## Data block
BEGIN
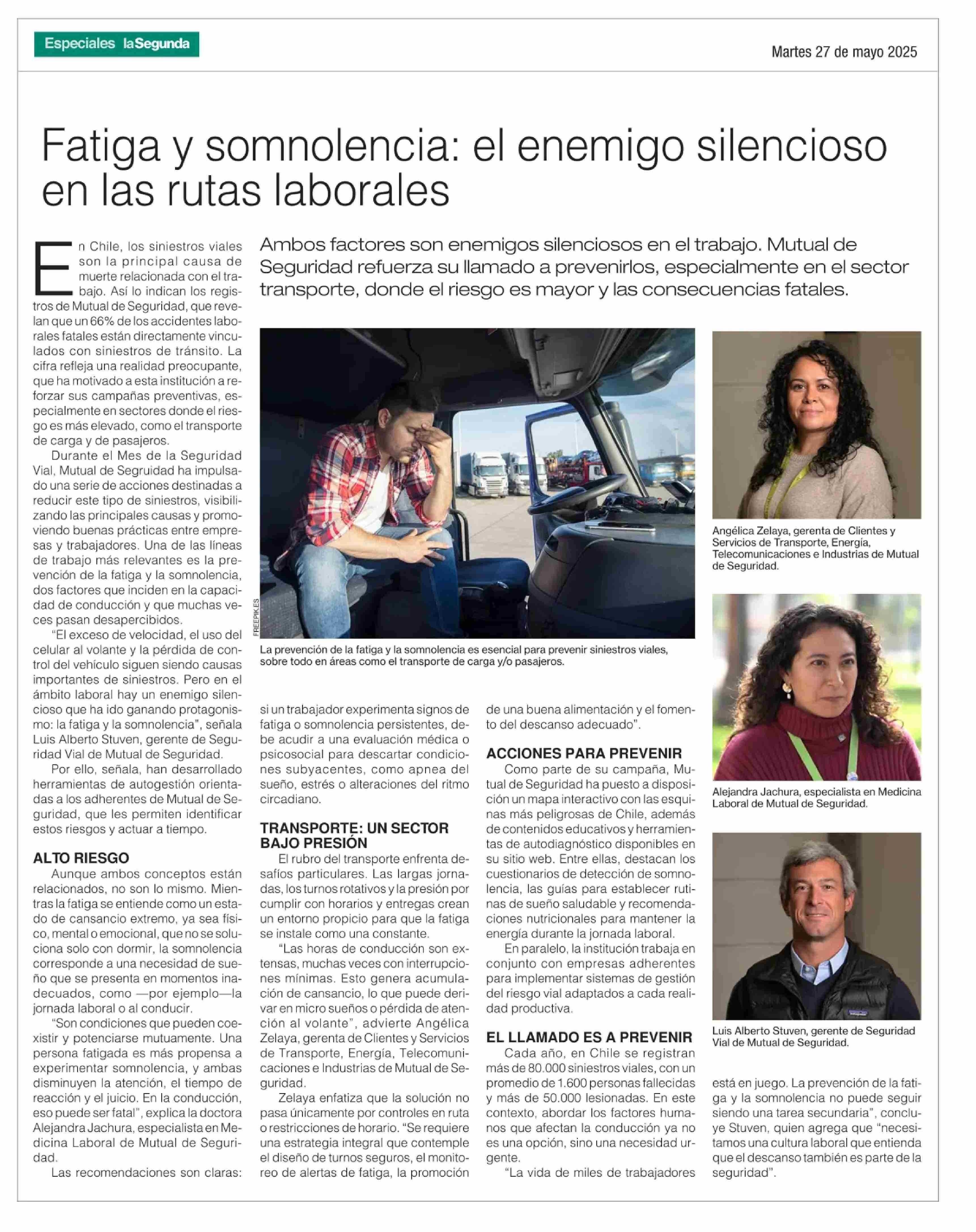 Fatiga y somnolencia: el enemigo silencioso en las rutas laborales 27-05-2025 La Segunda |
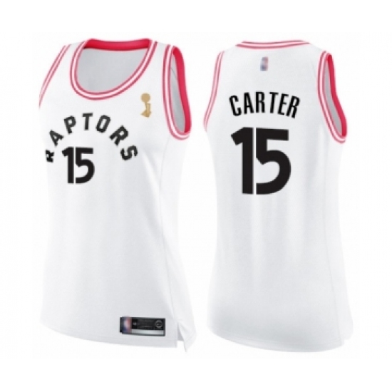 Women's Toronto Raptors #15 Vince Carter Swingman White Pink Fashion 2019 Basketball Finals Champions Jersey
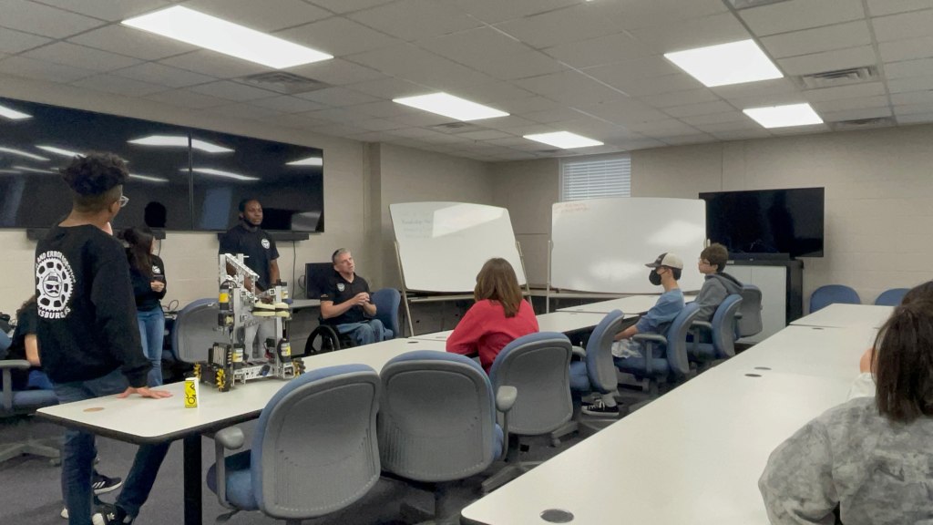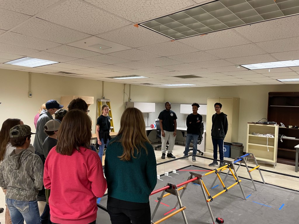 Before the tour began, our coach, Mr. Cody, briefly introduced our team and spoke about our facility. We started the tour by showing the class our 3D printer room. The students seemed very interested in the 3D printers. Mrs. Ashley, one of our mentors, explained how 3D printers work to the group and answered their questions.
END
## What you are asked to do
Reprint the whole listing above exactly, taking out the pictures.

## Reply
 Fatiga y somnolencia: el enemigo silencioso en las rutas laborales 27-05-2025 La Segunda |
 Women's Toronto Raptors #15 Vince Carter Swingman White Pink Fashion 2019 Basketball Finals Champions Jersey
 Before the tour began, our coach, Mr. Cody, briefly introduced our team and spoke about our facility. We started the tour by showing the class our 3D printer room. The students seemed very interested in the 3D printers. Mrs. Ashley, one of our mentors, explained how 3D printers work to the group and answered their questions.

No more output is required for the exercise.